Aim of the exercise: Every entry below must be retyped exactly, and the pictures must be left out.

(Beginning of Supplied records)

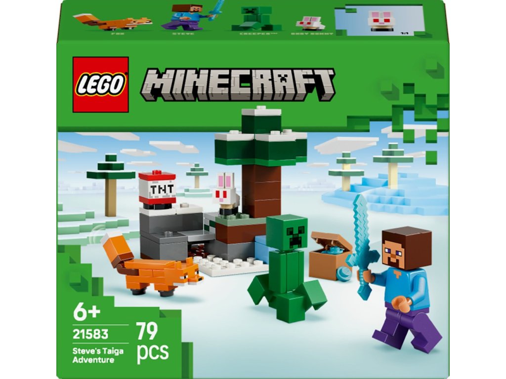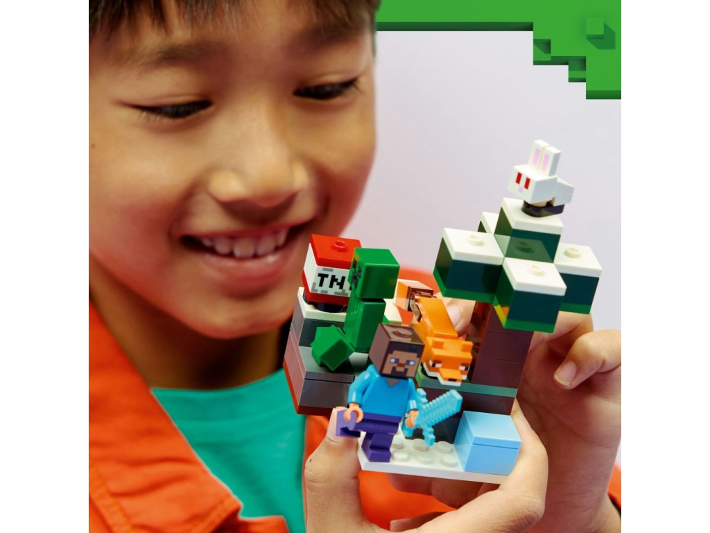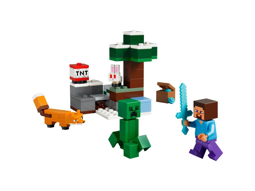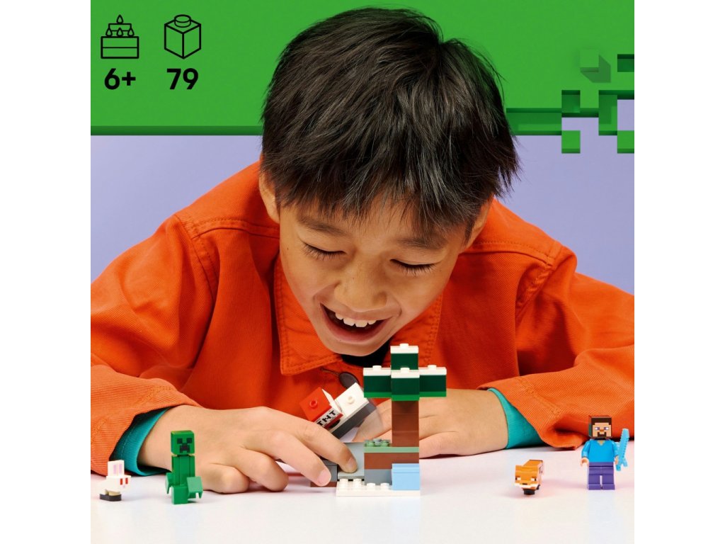 Stavebnice LEGO® Minecraft® Steve a dobrodružství v tajze umožní dětem prožít napínavou výpravu v zasněženém biomu. Steve těží diamanty, čelí nebezpečnému Creeperovi a objevuje tajgy plné zvířat a skrytých překvapení.
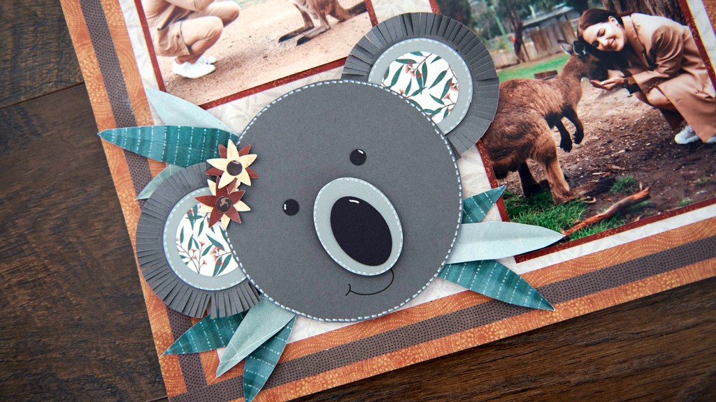 - Draw a mouth with a Black Dual-Tip Pen. Use the White Chalking Pen to highlight facial features and to add a stitched border around the koala’s head. Adhere on the layout with Foam Squares. Adhere the two remaining flower clusters to the koala’s left ear.
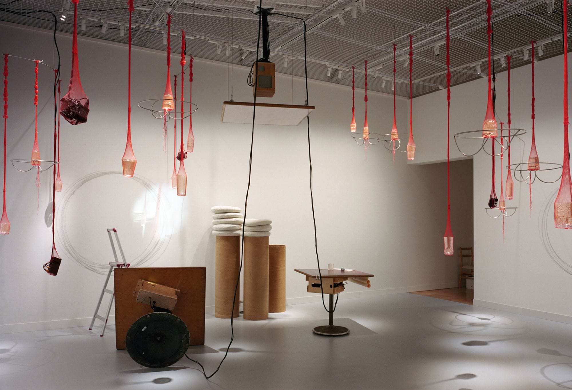 This was also the focus of 2023 Calder Prize winner Aki Sasamoto’s midcareer survey, “Life Laboratory,” at the Museum of Contemporary Art Tokyo. Born in 1980 in Kanagawa, Japan, Sasamoto studied and continues to work in New York, utilizing multiple mediums to express her ideas. In the site-specific performance, Spirits Cubed (2020), Sasamoto appeared in a large room with its walls painted black and with materials left behind after a building renovation, deliberately installed in a whimsical fashion. Originally a site-specific intervention for Japan’s Hirosaki Museum of Contemporary Art, the Tokyo edition featured glass windowpanes, ladders, trolleys, and metallic air-conditioning ducts hanging from the ceiling and sprawling across the ground. These channeled wind into glass orbs containing drinking glasses, causing them to spin in a centrifugal fashion. Sasamoto herself drew weather notations onto a plexiglass panel—from wind barbs, isobars, and other symbols from a synoptic chart—while she intermittently sprinted across the room and into the audience. She created sound by forcefully pulling a large plastic bag overhead and trapping air, and whipping the air-conditioning ducts, dragging them across the floor. Sasamoto sees these objects as forming pathways for spirits, perhaps propelled by the wind and other natural, kinetic forces.
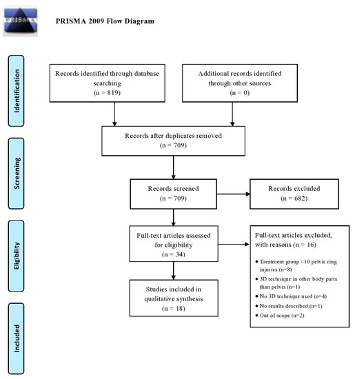 Eligible studies for inclusion reported either on (1) the use of 3D techniques in the virtual planning of operative treatment of pelvic ring injuries; (2) 3D printed templates with fracture visualization; (3) 3D printed templates with pre-operative plate contouring; (4) 3D virtual planning of screw trajectories; (5) 3D custom-made implants with guides; and (6) 3D navigation for screw placement. Patients should be 18 years or older and patients with fragility fractures of the pelvis (FFP) were included as well. Outcomes directly related to the operative treatment should be reported. These included operation time, blood loss, screw malposition rate and fluoroscopy time or fluoroscopy frequency, fracture reduction and functional outcome. These outcome measures represent the efficiency and accuracy of the surgical procedure itself. We hypothesized that 3D assisted surgery could have an effect on these measures, which is the rationale to choose these outcome measures. Moreover, these are widely used for assessing pelvic ring surgery related to patient outcomes [9,10,11]. Except for case studies with N < 10 and conference abstracts, all study designs were accepted for inclusion. Concerning language, studies written in English, German, Spanish, French and Dutch were included. Biomechanical and animal studies were excluded, as well as studies about classification of injuries by means of 3D techniques. Moreover, studies that included outcomes after both pelvic ring injuries and acetabular fractures and that did not differentiate between these injuries in terms of outcomes were excluded.
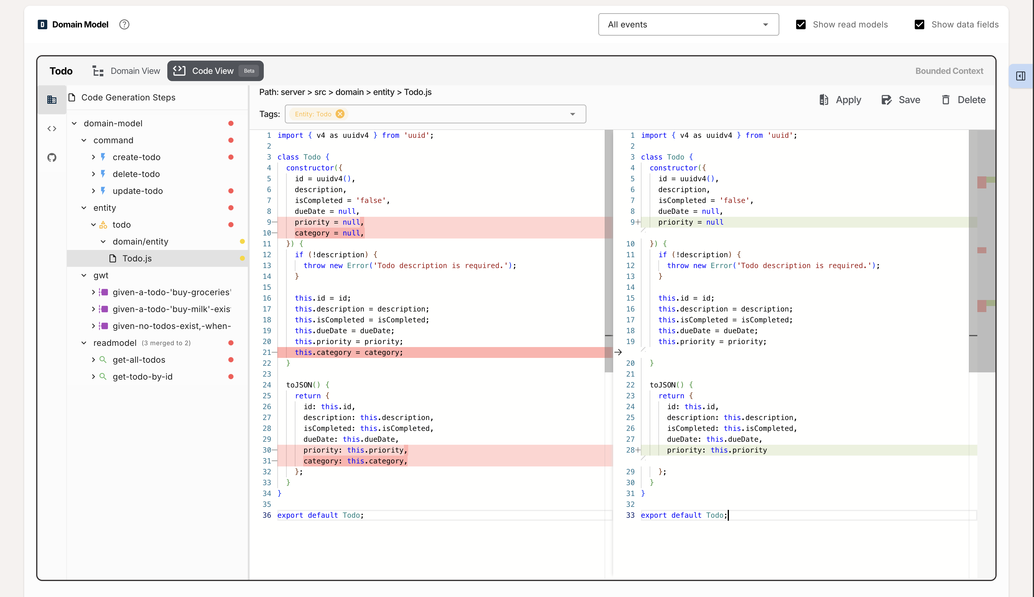 As you evolve your Domain Model, simply repeat the process. The system intelligently detects what has changed and surgically updates only the relevant parts of your codebase.

(End of Supplied records)

Response to the task:
 Stavebnice LEGO® Minecraft® Steve a dobrodružství v tajze umožní dětem prožít napínavou výpravu v zasněženém biomu. Steve těží diamanty, čelí nebezpečnému Creeperovi a objevuje tajgy plné zvířat a skrytých překvapení.
 - Draw a mouth with a Black Dual-Tip Pen. Use the White Chalking Pen to highlight facial features and to add a stitched border around the koala’s head. Adhere on the layout with Foam Squares. Adhere the two remaining flower clusters to the koala’s left ear.
 This was also the focus of 2023 Calder Prize winner Aki Sasamoto’s midcareer survey, “Life Laboratory,” at the Museum of Contemporary Art Tokyo. Born in 1980 in Kanagawa, Japan, Sasamoto studied and continues to work in New York, utilizing multiple mediums to express her ideas. In the site-specific performance, Spirits Cubed (2020), Sasamoto appeared in a large room with its walls painted black and with materials left behind after a building renovation, deliberately installed in a whimsical fashion. Originally a site-specific intervention for Japan’s Hirosaki Museum of Contemporary Art, the Tokyo edition featured glass windowpanes, ladders, trolleys, and metallic air-conditioning ducts hanging from the ceiling and sprawling across the ground. These channeled wind into glass orbs containing drinking glasses, causing them to spin in a centrifugal fashion. Sasamoto herself drew weather notations onto a plexiglass panel—from wind barbs, isobars, and other symbols from a synoptic chart—while she intermittently sprinted across the room and into the audience. She created sound by forcefully pulling a large plastic bag overhead and trapping air, and whipping the air-conditioning ducts, dragging them across the floor. Sasamoto sees these objects as forming pathways for spirits, perhaps propelled by the wind and other natural, kinetic forces.
 Eligible studies for inclusion reported either on (1) the use of 3D techniques in the virtual planning of operative treatment of pelvic ring injuries; (2) 3D printed templates with fracture visualization; (3) 3D printed templates with pre-operative plate contouring; (4) 3D virtual planning of screw trajectories; (5) 3D custom-made implants with guides; and (6) 3D navigation for screw placement. Patients should be 18 years or older and patients with fragility fractures of the pelvis (FFP) were included as well. Outcomes directly related to the operative treatment should be reported. These included operation time, blood loss, screw malposition rate and fluoroscopy time or fluoroscopy frequency, fracture reduction and functional outcome. These outcome measures represent the efficiency and accuracy of the surgical procedure itself. We hypothesized that 3D assisted surgery could have an effect on these measures, which is the rationale to choose these outcome measures. Moreover, these are widely used for assessing pelvic ring surgery related to patient outcomes [9,10,11]. Except for case studies with N < 10 and conference abstracts, all study designs were accepted for inclusion. Concerning language, studies written in English, German, Spanish, French and Dutch were included. Biomechanical and animal studies were excluded, as well as studies about classification of injuries by means of 3D techniques. Moreover, studies that included outcomes after both pelvic ring injuries and acetabular fractures and that did not differentiate between these injuries in terms of outcomes were excluded.
 As you evolve your Domain Model, simply repeat the process. The system intelligently detects what has changed and surgically updates only the relevant parts of your codebase.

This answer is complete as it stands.